New Republic notes, however, that a shift to symbols and logos "began in the mid-1960s with the LBJ USA map logo and Hubert Humphrey's HHH symbol."
Enter: Barack Obama's 2008 campaign. Never had a presidential hopeful made such a strong commitment—both financially and strategically—to their campaign's brand identity. Supplemental brand assets, like the Hope poster created by street artist Shepard Fairey, took campaign branding into completely uncharted territory, tapping into pop culture and art history, youth culture, and a multi-generational hunger for something different and fresh.
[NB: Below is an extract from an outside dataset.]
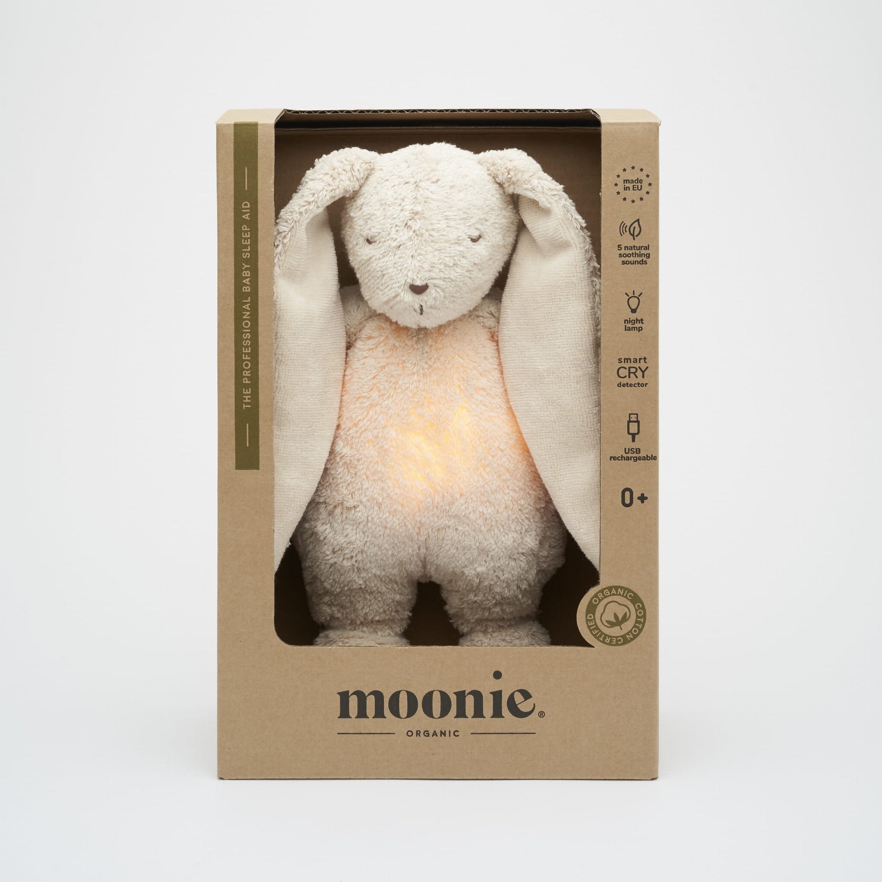 Deze superzachte knuffelkonijnen, gemaakt uit lekker zacht organisch katoen, hebben 5 natuurlijke, kalmerende geluiden (gebaseerd op pediatrisch onderzoek) waaruit je kan kiezen om een rustige slaap bij baby's en kindjes te bevorderen.

Obama worked with Sol Sender, of Chicago-based Sender LLC, on the campaign's brand identity in 2008. Sender and his team were political "outsiders", having never worked on a campaign before. The move was a major risk, but it paid off enormously. The partnership with a traditionally non-political design team offered a fresh, unique approach to political branding. Moreover, it marked the first time a presidential candidate's visual language - the symbols, logos, typography, and messaging - adequately served as an extension of their overall vision and ethos.
The Sender team was the driving force behind the iconic "O" logo. Speaking about the Obama '08 logo, Sender explained, "The design expression was so constrained and so bland for so many years in politics...I think we had a fresh approach because we'd never worked on a campaign before."
Recognizing the importance and power of a strong brand identity allowed Barack Obama to lay the foundation for a new generation of political design.
Diversity seems to be the prominent theme within political design today — both in the candidates themselves and the brand identities they've created to communicate their message. The 2018 mid-term elections were no exception, marking a new frontier in the collaboration between politics and brand design. The 2020 Democratic presidential candidates are the most diverse primary field ever seen in major-party politics. An ultra-diverse field of political candidates spread throughout the country, combined with a willingness to partner with non-political designers, has opened the floodgates for political design to become more distinct.
From a technical standpoint, emerging design trends among the initial 2020 campaign logos are the use of words over symbols, and the embrace of color outside the traditional red, white and blue. (As evidenced in the graphics below) The patriotic single-letter presidential logos popularized in the last few decades have finally been put to rest.
A new research group called the Center for American Politics and Design (CAPD) has taken special notice to the design renaissance taking place on both sides of the aisle. The group, founded by a small group of designers, was launched to investigate what it calls "the graphic vernacular of American politics." Its first project was a fully searchable and sortable archive of the campaign logos for every major candidate running for the U.S. Senate and House of Representatives in 2018.
Founded in 2018, CAPD aims to increase political literacy among designers and to foster a dialogue about the role of design in the American democratic process. The CAPD also analyzes design in terms of FEC candidate fundraising data, as well as by each district’s gross domestic product.
Design alone will never actually swing an election. That's still up to the candidates. But how a candidate represents themselves visually can make a lasting mark on voters.